-- RECORDS SHOWN follows --
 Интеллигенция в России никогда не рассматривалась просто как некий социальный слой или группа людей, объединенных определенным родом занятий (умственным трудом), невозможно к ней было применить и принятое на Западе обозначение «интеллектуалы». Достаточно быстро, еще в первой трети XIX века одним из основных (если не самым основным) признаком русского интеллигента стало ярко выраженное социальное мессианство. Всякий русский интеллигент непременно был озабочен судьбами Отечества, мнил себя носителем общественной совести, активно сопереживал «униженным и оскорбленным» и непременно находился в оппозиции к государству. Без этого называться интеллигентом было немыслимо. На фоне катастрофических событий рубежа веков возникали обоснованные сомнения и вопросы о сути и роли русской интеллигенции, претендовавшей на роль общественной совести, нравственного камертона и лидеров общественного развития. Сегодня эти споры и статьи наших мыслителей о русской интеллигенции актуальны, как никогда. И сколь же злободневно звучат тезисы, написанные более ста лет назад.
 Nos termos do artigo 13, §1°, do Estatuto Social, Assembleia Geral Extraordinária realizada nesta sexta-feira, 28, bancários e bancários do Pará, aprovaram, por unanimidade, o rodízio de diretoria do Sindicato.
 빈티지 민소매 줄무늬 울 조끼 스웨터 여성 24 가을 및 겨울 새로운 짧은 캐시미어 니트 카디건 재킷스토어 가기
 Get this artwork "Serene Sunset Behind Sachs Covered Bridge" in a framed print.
-- RECORDS SHOWN concluded --
-- RECORDS SHOWN follows --
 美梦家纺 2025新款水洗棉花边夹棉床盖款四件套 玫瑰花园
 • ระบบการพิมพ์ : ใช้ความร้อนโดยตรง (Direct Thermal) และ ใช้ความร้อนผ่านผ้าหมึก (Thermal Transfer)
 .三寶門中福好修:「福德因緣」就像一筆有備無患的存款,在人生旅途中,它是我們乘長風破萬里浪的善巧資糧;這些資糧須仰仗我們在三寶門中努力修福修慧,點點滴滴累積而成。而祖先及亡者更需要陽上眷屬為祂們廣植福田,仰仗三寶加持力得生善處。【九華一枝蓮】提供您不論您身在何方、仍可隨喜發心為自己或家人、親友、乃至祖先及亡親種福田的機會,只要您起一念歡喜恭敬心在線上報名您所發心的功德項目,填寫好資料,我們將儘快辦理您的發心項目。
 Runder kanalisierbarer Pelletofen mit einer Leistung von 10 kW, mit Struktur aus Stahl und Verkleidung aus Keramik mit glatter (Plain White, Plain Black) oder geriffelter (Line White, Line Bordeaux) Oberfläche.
-- RECORDS SHOWN concluded --
-- RECORDS SHOWN follows --
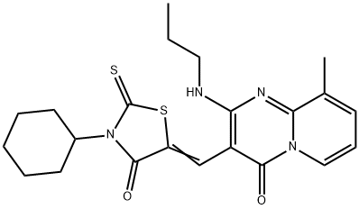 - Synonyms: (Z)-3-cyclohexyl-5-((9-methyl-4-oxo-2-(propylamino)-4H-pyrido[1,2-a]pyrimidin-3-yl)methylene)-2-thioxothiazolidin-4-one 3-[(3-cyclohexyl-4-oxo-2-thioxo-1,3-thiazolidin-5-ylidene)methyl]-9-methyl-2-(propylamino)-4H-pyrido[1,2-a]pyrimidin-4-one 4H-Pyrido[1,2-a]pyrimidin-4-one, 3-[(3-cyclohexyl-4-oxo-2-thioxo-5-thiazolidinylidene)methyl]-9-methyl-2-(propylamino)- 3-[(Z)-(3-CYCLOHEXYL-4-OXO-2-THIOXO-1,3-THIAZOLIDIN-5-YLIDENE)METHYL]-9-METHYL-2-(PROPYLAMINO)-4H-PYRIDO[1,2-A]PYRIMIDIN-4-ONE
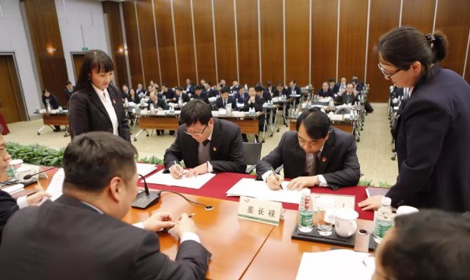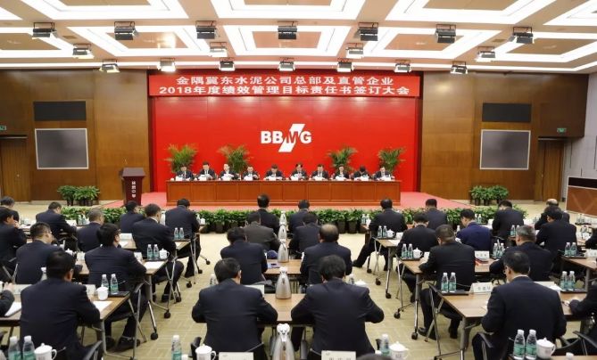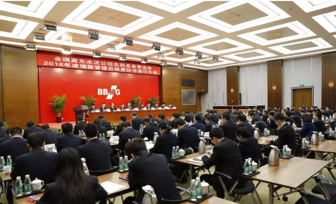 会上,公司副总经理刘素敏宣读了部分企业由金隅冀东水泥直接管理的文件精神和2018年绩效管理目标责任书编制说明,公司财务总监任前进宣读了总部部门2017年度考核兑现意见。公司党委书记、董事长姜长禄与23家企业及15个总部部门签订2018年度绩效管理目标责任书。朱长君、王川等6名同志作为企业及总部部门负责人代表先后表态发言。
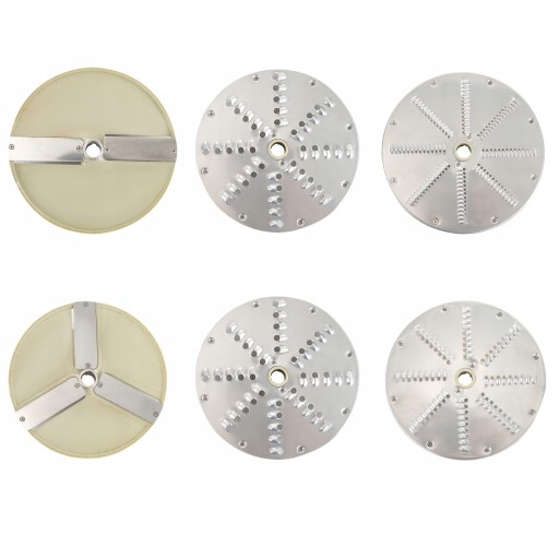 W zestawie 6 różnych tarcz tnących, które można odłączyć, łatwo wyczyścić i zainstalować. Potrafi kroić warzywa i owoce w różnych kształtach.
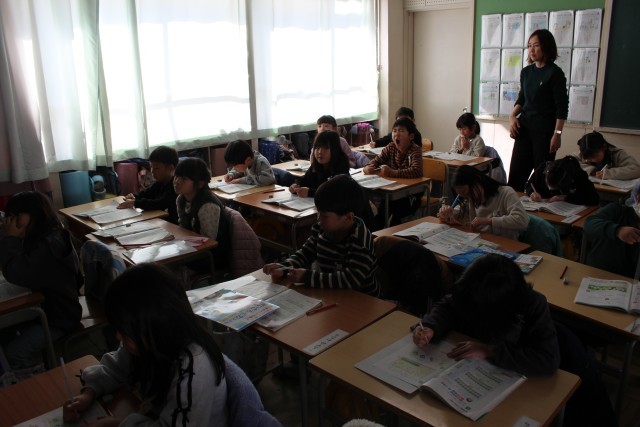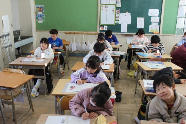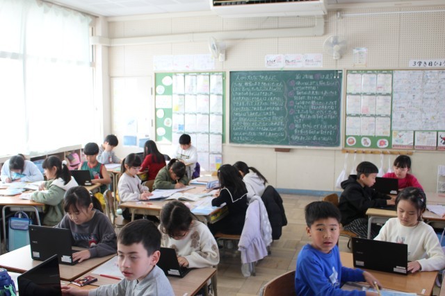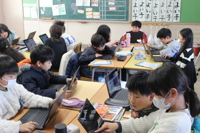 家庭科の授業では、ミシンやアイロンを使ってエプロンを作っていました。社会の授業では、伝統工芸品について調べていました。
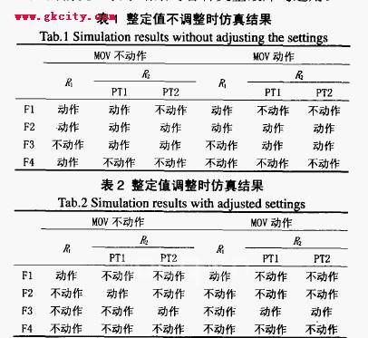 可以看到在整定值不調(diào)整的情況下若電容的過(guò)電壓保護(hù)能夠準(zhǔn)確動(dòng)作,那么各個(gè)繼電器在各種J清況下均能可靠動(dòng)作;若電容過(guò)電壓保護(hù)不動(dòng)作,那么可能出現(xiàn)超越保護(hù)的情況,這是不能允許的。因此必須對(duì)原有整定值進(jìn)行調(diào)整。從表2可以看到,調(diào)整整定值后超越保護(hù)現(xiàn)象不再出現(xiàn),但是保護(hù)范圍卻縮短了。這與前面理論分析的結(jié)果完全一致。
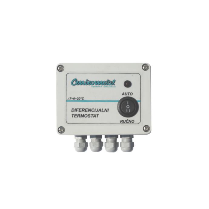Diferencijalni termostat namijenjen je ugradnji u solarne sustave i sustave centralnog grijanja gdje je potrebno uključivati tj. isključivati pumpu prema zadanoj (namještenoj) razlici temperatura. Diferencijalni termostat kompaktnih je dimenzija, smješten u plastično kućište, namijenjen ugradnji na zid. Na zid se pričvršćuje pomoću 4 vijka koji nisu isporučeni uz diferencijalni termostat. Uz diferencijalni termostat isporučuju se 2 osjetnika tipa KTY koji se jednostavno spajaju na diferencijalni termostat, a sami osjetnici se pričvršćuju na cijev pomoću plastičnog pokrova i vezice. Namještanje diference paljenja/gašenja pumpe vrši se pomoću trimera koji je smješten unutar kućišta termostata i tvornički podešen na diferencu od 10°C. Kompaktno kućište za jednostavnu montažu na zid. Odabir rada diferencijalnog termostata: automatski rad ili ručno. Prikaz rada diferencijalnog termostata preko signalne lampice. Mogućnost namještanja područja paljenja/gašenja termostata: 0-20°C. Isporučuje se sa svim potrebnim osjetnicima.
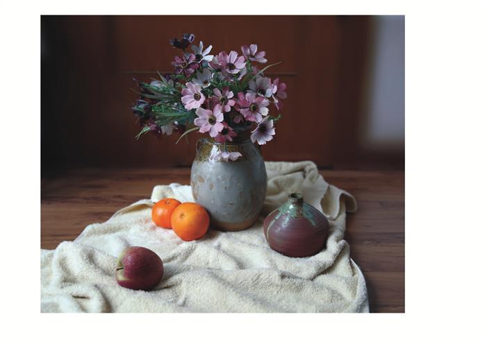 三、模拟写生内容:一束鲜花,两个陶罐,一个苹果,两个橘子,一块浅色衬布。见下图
-- RECORDS SHOWN concluded --
* YOUR TASK *
Set down, exactly as they appear above, all lines from the one that has "Интеллигенция в России" down to the one that has "Get this artwork", including those two and no others.

* YOUR SOLUTION *
 Интеллигенция в России никогда не рассматривалась просто как некий социальный слой или группа людей, объединенных определенным родом занятий (умственным трудом), невозможно к ней было применить и принятое на Западе обозначение «интеллектуалы». Достаточно быстро, еще в первой трети XIX века одним из основных (если не самым основным) признаком русского интеллигента стало ярко выраженное социальное мессианство. Всякий русский интеллигент непременно был озабочен судьбами Отечества, мнил себя носителем общественной совести, активно сопереживал «униженным и оскорбленным» и непременно находился в оппозиции к государству. Без этого называться интеллигентом было немыслимо. На фоне катастрофических событий рубежа веков возникали обоснованные сомнения и вопросы о сути и роли русской интеллигенции, претендовавшей на роль общественной совести, нравственного камертона и лидеров общественного развития. Сегодня эти споры и статьи наших мыслителей о русской интеллигенции актуальны, как никогда. И сколь же злободневно звучат тезисы, написанные более ста лет назад.
 Nos termos do artigo 13, §1°, do Estatuto Social, Assembleia Geral Extraordinária realizada nesta sexta-feira, 28, bancários e bancários do Pará, aprovaram, por unanimidade, o rodízio de diretoria do Sindicato.
 빈티지 민소매 줄무늬 울 조끼 스웨터 여성 24 가을 및 겨울 새로운 짧은 캐시미어 니트 카디건 재킷스토어 가기
 Get this artwork "Serene Sunset Behind Sachs Covered Bridge" in a framed print.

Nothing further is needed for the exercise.